Нерациональный характер романа утверждает и Юрий Селезнёв, но у него это не только возвышение романной формы Достоевского, но и постоянная борьба с тем мышлением, которое этой форме активно противостоит. В книге Селезнёва Достоевский – разоблачитель ветхозаветного сознания, под которым Юрий Иванович понимает не органический пролог Нового Завета, а обособленный мир избыточного, железного Закона, который никогда не сумеет примириться с тем, что Евангелие есть. Видимо, гневно рассуждая о ветхозаветности, Селезнёв представляет себе мир фарисеев – лицемеров и книжников, стремившихся в своей превдоправедности лишь к одному – погубить Христа. "Это мир принципиально завершённый и в сути своей неизменный", – пишет о Ветхом Завете автор книги "В мире Достоевского". По его мнению, ветхозаветность – это идея национальной исключительности; образ национального спасителя, скрытого от других народов; экспансионистская идеология. Селезнёв рассуждает об "угрозе любого рода теорий исключительности и избранности". "В противовес Достоевский и выдвигает свою идею спасения мира силой русского братства", – пишет Юрий Селезнев. Идея всемирного братства – "не есть исключительно русское достояние, но великая дорога, путь к "золотому веку" для всех без исключения народов. Для всего человечества". Только братством и можно победить "Зверя Апокалипсиса в мире чистогана". Судя по всему, Юрий Селезнев считает, что ветхозаветная идеология в современном мире сохранила свой монологизм, но теперь он проявляется ещё в одной опасной форме – в обожествлении денег.

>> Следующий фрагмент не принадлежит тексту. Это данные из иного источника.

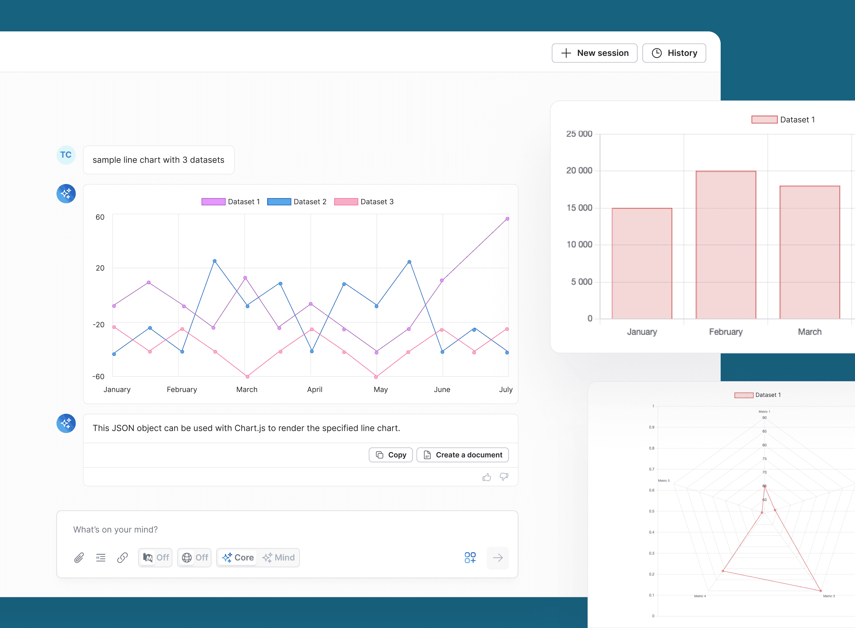 - Data-aware visuals: create from evidence tables, saved datasets, or chat instructions.

"Идеолог нового древнерусского государства, Иларион противопоставляет библейской идее о "богоизбранности" одного народа – идею равноправия всех народов, вскрывает глубинные корни двух разных сознаний – заключённого в Библии, основанного на "законе" и "данного через Евангелие – "благодати", – вспоминает Селезнёв древнерусскую религиозную классику. В этом контексте он и рассматривает Достоевского, который в своём романном мире преодолевает монологические отношения. Пафос борьбы усиливается у Юрия Селезнёва с каждой страницей: "Бог Ветхого Завета диктует свои условия, и только тогда и до тех пор, пока народ безукоснительно будет исполнять эти данные ему извне законы – он будет "богоизбранным". Такое подзаконное положение Иларион назвал рабским. Сейчас не будем рассматривать вопрос, прав или не прав Селезнёв в богословском плане. Отметим главное: диалогический Достоевский противостоит монологизму древнееврейского сознания, сохраняющего мощное влияние в современном мире.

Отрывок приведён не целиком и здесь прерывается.